• **What you should do**
Leaving pictures aside, restate exactly the lines of the data below, from the first one through the line that contains "Keywords: person human".

• **Exercise data**
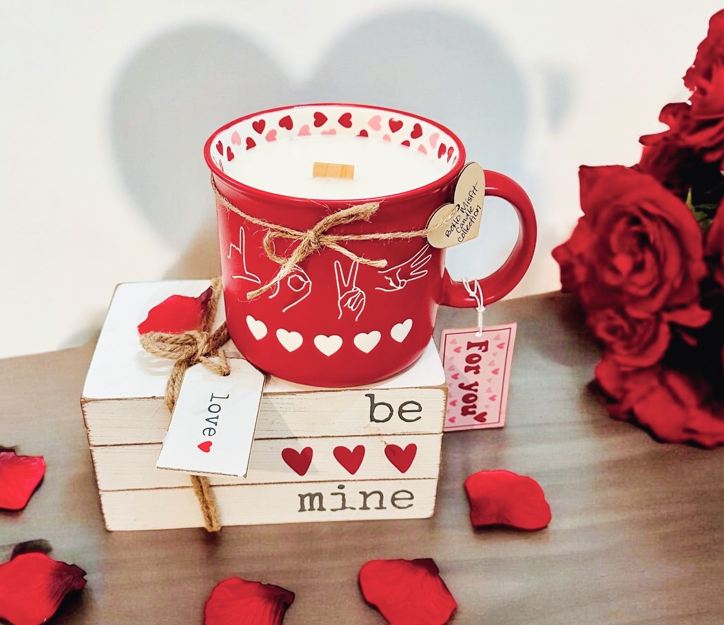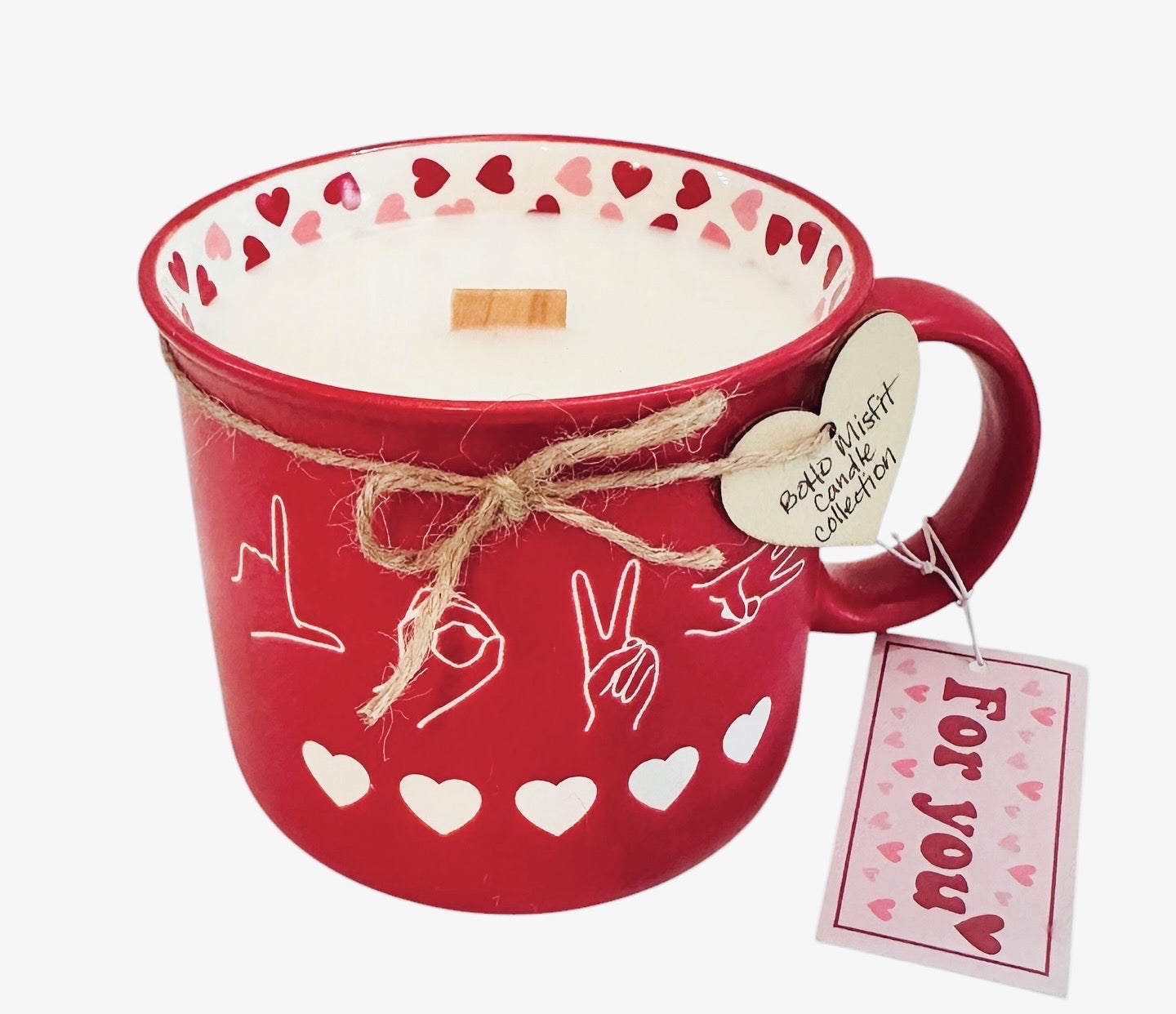 20oz luxury coconut wax candle with a wood crackling wick in a reusable Love Sign Language Coffee Mug.
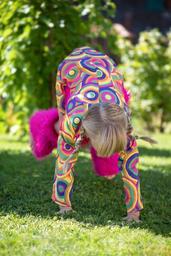 Keywords: person human child girl blond braids in motion in action gymnastics colorful garden out summer fun meadow
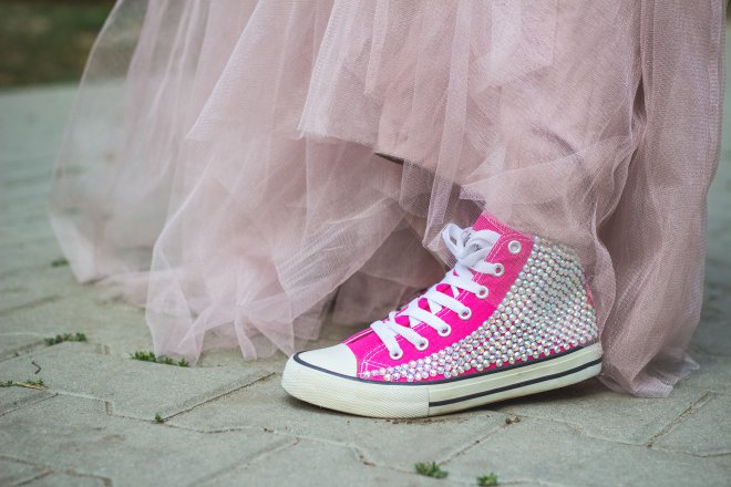 Pamätáte si tie americké svadby, kde sú všetky družičky rovnaké? Na Slovensku to síce nie je až takým zvykom, ale snažíme sa aspoň mať, na niektorých svadbách družičky v rovnakých farbách. Čo tak to trochu ozvláštniť? :) Čo keby mala každá družička svoje kamienkové tenisky k outfitu? Možno pre niekoho šialenosť, ale prečo nie? Prípadne sa chystáte na svadbu ako hosť a neviete čo na seba? Kto povedal, že pod tou peknou tylovou sukňou nemôžu byť vaše obľúbené tenisky? Nikto, a ešte ak vám počas svadby občas vykuknú, verte že zaujmete okolie a pár ľudí sa príde spýtať odkiaľ ich máte…

• **Response to this exercise**
 20oz luxury coconut wax candle with a wood crackling wick in a reusable Love Sign Language Coffee Mug.
 Keywords: person human child girl blond braids in motion in action gymnastics colorful garden out summer fun meadow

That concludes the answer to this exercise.